Renewable energy art helps us design a better future
The planet is getting warmer. Sea levels are rising. Climate change is being felt in disasters and shifting ecosystems around the world, in a way that’s often disturbing to individuals wondering how they can help.
In this time of uncertainty, artists can play a valuable role. Climate change requires rethinking our environments and lifestyles — and artists and designers have the skills to do so in a way that’s imaginative, inviting, and people-centered.
That’s the idea behind the Land Art Generator Initiative (LAGI), an organization that promotes the intersection of public art with sustainable energy infrastructure.
LAGI was founded in Dubai in 2008, and is now based in Pittsburgh under the umbrella of a nonprofit, the Society for Cultural Exchange.

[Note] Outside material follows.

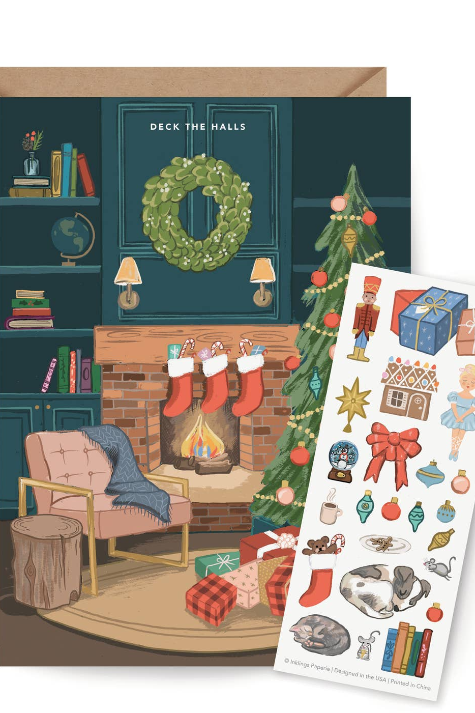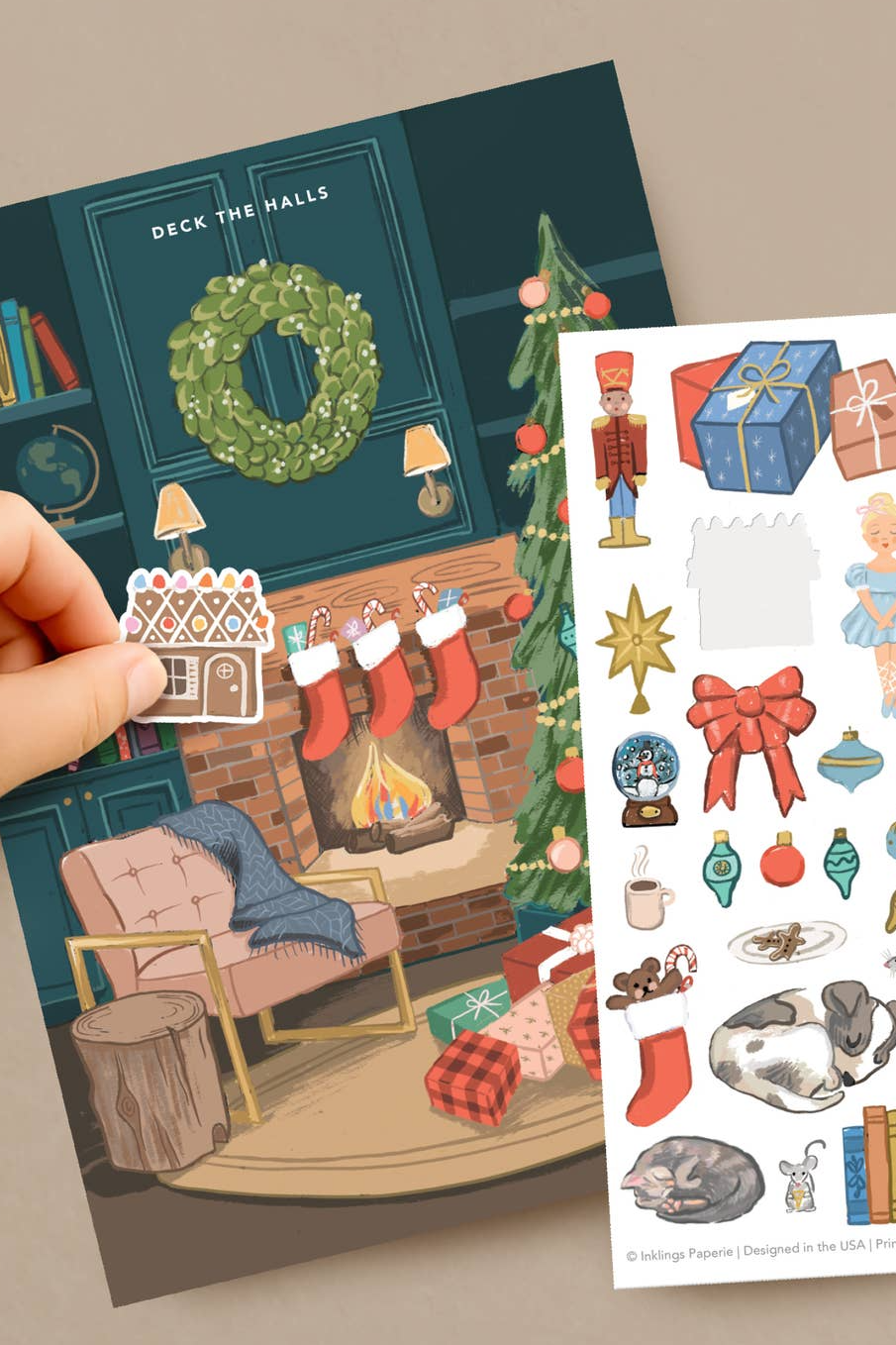 Decorate this cozy Christmas scene! Our Sticker Scene Cards come with an adorable sheet of vinyl stickers to decorate the holiday scene and make it your own. This greeting card is coated with a special finish, making the stickers easy to adjust and reposition again and again! This card is fun for all ages.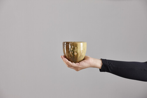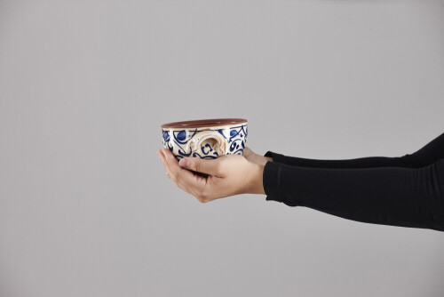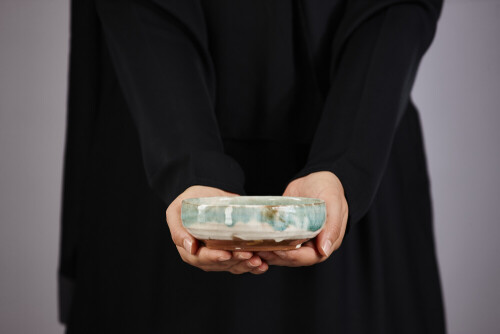 A woman in black abaya holding different pottery essentials in different positions

In 2010, LAGI launched an international competition, inviting proposals for installations that serve doubly as public art and as renewable energy sources.
“The intention is to change the conversation around climate change from one that focuses on the quite real, scary aspects to one that is more positive, that allows people to be inspired about the beauty of our post-carbon future,” says Robert Ferry, one of LAGI’s founding directors alongside Elizabeth Monoian.
“Some of the negative messages [about climate change] have the effect of turning people off, because they feel overwhelmed by the intractability of the problem,” Ferry says.
The installations prototyped through LAGI are both symbolic and practical: They invite people to understand renewable energy in a way that’s educational, accessible, and thought-provoking, and to encourage a movement away from carbon-based energy use. But they’re also designed to actually generate power via clean energy.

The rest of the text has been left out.